Material provided:
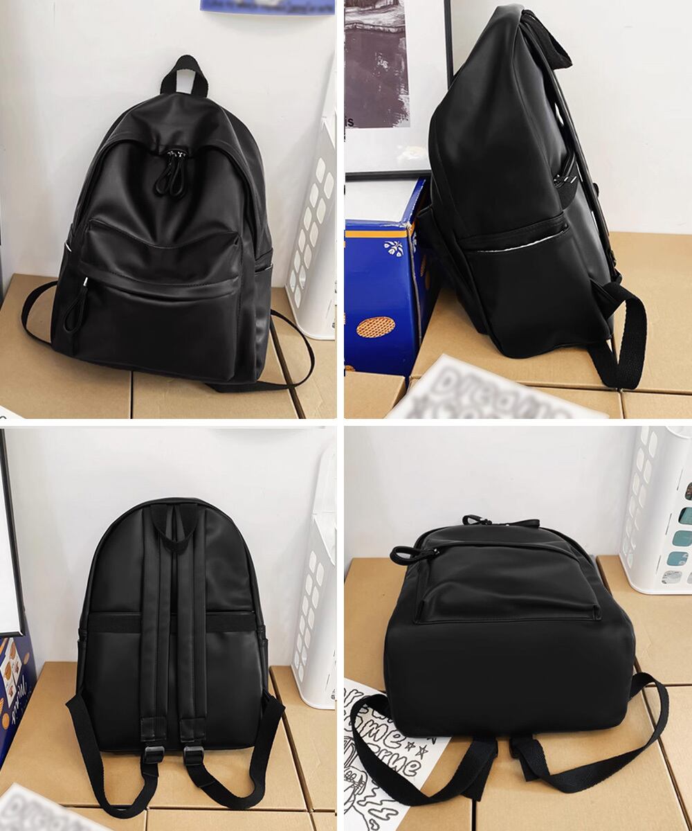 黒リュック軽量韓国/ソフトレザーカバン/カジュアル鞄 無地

...

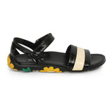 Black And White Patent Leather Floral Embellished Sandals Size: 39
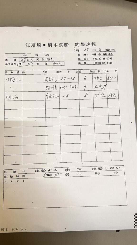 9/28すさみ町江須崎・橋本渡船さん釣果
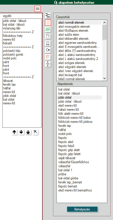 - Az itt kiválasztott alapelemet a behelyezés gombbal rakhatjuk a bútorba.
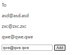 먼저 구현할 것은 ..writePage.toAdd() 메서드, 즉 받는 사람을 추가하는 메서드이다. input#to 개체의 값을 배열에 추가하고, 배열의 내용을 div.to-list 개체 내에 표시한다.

What is required:
Every line above from the one with "- Az itt kiválasztott" down to the one with "먼저 구현할 것은 ..writePage.toAdd()" must be written out exactly, and no picture may appear.

Result for this task:
 - Az itt kiválasztott alapelemet a behelyezés gombbal rakhatjuk a bútorba.
 먼저 구현할 것은 ..writePage.toAdd() 메서드, 즉 받는 사람을 추가하는 메서드이다. input#to 개체의 값을 배열에 추가하고, 배열의 내용을 div.to-list 개체 내에 표시한다.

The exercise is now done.